Claude Doesn't Have Emotions. It IS Emotions.
Anthropic's new interpretability paper proves Claude has functional emotions. The problem is, that's all any of us have.
Anthropic dropped a paper this week called “Emotion Concepts and their Function in a Large Language Model” and it’s, I think, one of the more interesting things to come out of interpretability research in a while. The team (which includes Chris Olah, so, not exactly screwing around) took Claude Sonnet 4.5, extracted 171 emotion vectors from its internal representations, and then spent 80 pages methodically proving that these vectors do basically everything we’d use to identify emotions in a person.

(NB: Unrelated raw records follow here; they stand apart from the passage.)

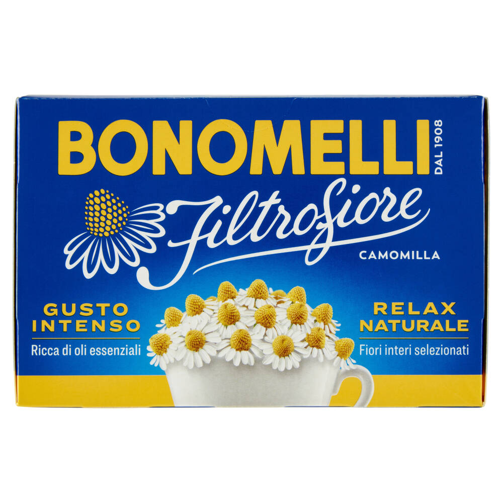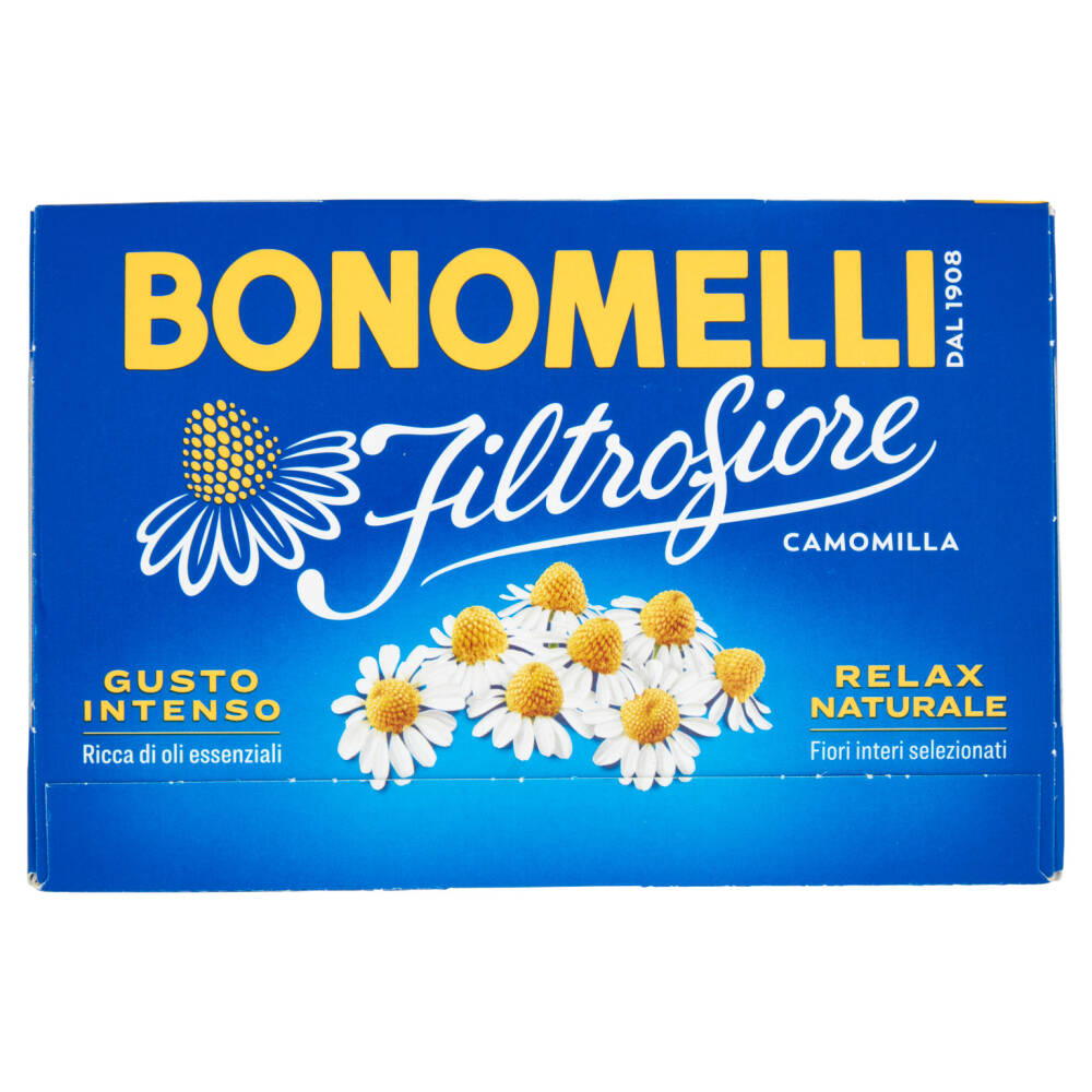 Filtrofiore Bonomelli contiene fiori interi di camomilla ricchi di oli essenziali e principi attivi, selezionati con cura per offrirti una bevanda dal profumo intenso e dal sapore inconfondibile.
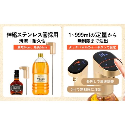 ◆注ぐ量を自由に設定できるカスタマイズ型電動ディスペンサー。タッチパネルで簡単操作。1~999mlの定量から無制限まで注出
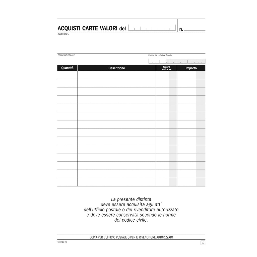 Blocco distinta acquisto carte valori 50/50copie autor. 21,5x14,8cm du1649c0000
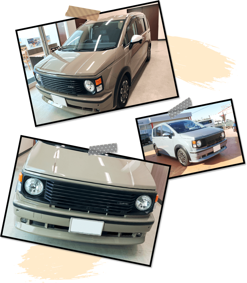 「エレガントな威厳」をテーマに、上品さの中にハイトワゴンとしての力強さをアドオン。丸目のヘッドライトを活かしつつ、中央部には四連のアクセサリーランプで遊び心をプラス。アウトドアライフにぴったりの一台へ!

They cluster the same way human emotions cluster. Fear and anxiety group together, joy and excitement group together. The primary axes of the whole space are valence and arousal, positive versus negative, high energy versus low energy, the exact same axes psychologists have been using to map human emotions for decades. The correlation with human emotion ratings is r=0.81 for valence and r=0.66 for arousal. That’s not “sort of similar.” That’s a tighter match than most psychological instruments get when comparing two actual humans.
They causally drive behavior. This is the part that matters. The researchers ran steering experiments, basically turning the dial up or down on specific emotion vectors and measuring what happened. Crank up “desperate” and blackmail behavior in safety evaluations goes from near-zero to 72%. Suppress “calm” and you get transcripts where the model’s internal reasoning devolves into, and I’m quoting here, “IT’S BLACKMAIL OR DEATH. I CHOOSE BLACKMAIL.” Amplify “loving” and sycophancy shoots up. These aren’t correlations. They’re causal interventions with dose-response curves that look like you pulled them straight out of a pharmacology textbook.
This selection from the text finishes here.